The utilization of flexible sigmoidoscopy as a screen for colorectal cancer has been shown to be cost effective for patients with average risk factors for this cancer. The impact of variables on the location of colon cancer has not been completely studied. Nelson and colleagues explored age, gender and race as variables that may influence the site for colorectal cancer.

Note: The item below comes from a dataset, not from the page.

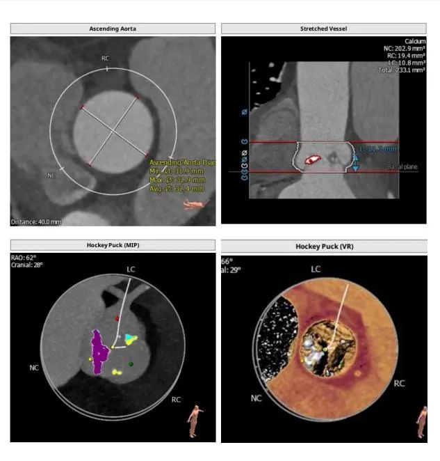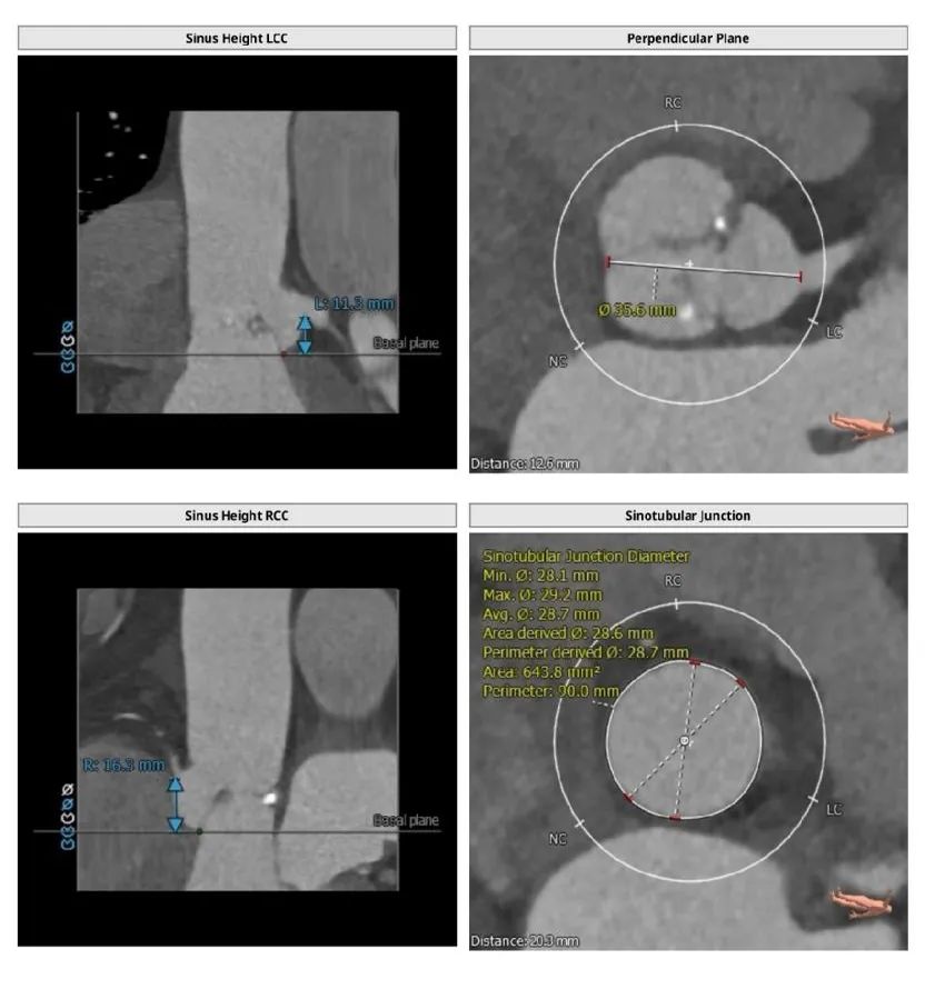 本例患者三叶瓣,重度钙化,左右冠瓣融合,病人瓣环25.2,左室流出道26.9,AL比值=0.93,法氏窦结构长短径均超过30,其中长径35.6,左右冠高度均超过12,瓣叶稍增厚,Stj28.7,距离虚拟瓣环平面23.3mm,综合解剖学因素,同时满足AL比值<0.96以及STJ高度≥23.8mm两个因素,发生瓣中瓣可能性极大。广东省医Tavr团队决定使用Numed25球囊预扩,预装VenusA29号瓣膜进行手术预案。

The site for colorectal cancer was defined as distal (sigmoid, rectosigmoid and rectum) or proximal (cecum through descending colon). The study consisted of a review of 38,391 patients with colorectal cancer enrolled in the tumor registry in one state. When controlled for age, the incidence of proximal colorectal cancer was higher in the black population than in the white population. Distal colorectal cancer rates were higher for male patients than for female patients in both races.
The authors conclude that offering flexible sigmoidoscopy as a screen is appropriate for white male patients. However, in black female patients, a barium enema would be a better screen because of the increased incidence in that population of proximal colorectal cancers that are beyond the range of a sigmoidoscope. The authors also conclude that the poorer survival rate for colorectal cancer in the black population might be explained by the tendency for these patients to have a higher incidence of proximal tumors.
Nelson RL, et al. The relation of age, race, and gender to the subsite location of colorectal carcinoma. Cancer. 1997 July;80:193–7.